If you have not been paying attention, more and more of what was considered random behavior is now being explained by math. To satisfy this standard of explanation, the math must be able to accurately forecast behaviors. Several good examples of this evolution in math, or perhaps more precisely in the understanding of social behavior, are seen in Sandy Pentland's new book, "Social Physics: How Good Ideas Spread-The Lessons from a New Science". Interesting discussion of social networks, information flows and how to modify behavior. Anyone who appreciates "big data" should read the book. Pentland's proposed policies on privacy and transparency make the book worthwhile even if you do not care about big data. Implications for the nature and role of government are the best partof the book in my opinion.

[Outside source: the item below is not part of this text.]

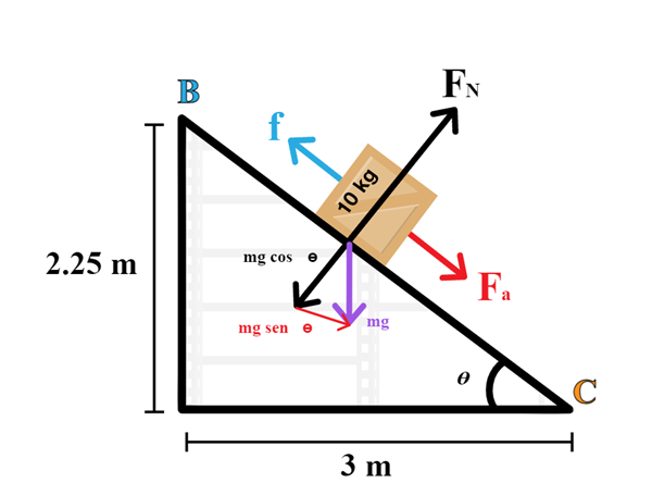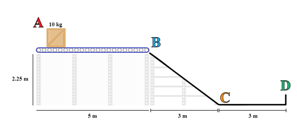 En una fábrica se trasladan cajas de 10 kg en una banda transportadora que se mueve a una rapidez constante de 1 m/s. Al final de la banda se encuentra una rampa que llevará la caja hasta el punto D. El coeficiente de fricción cinético entre las superficies en la rampa es de 0.38. Las dimensiones de la banda y la rampa se muestran en el diagrama siguiente:

Another example of math being applied to social organizations is the work of Geoffrey B. West, “Why Cities Keep on Growing, Corporations Always Die, and Life Gets Faster”. West trained as a physicist and late in his career turned to studying the growth pattern of cities. Regardless of location around the world, culture, type of government, etc, cities behave according to certain mathematical rules. Cities also exhibit certain properties that insure they last forever, whereas companies and people have properties which explain a definite lifetime. Maybe we should encourage the return of city states. Maybe Shanghai has already reached that status.
One should not overlook the irony that computers are crunching the numbers to explain more and more of our lives by numbers. The pace at which we approach the world of Ray Kurweil is perhaps accelerating. "How to Create a Mind, the Secret of Human Thought Revealed" by Ray Kurzweil. Fascinating book.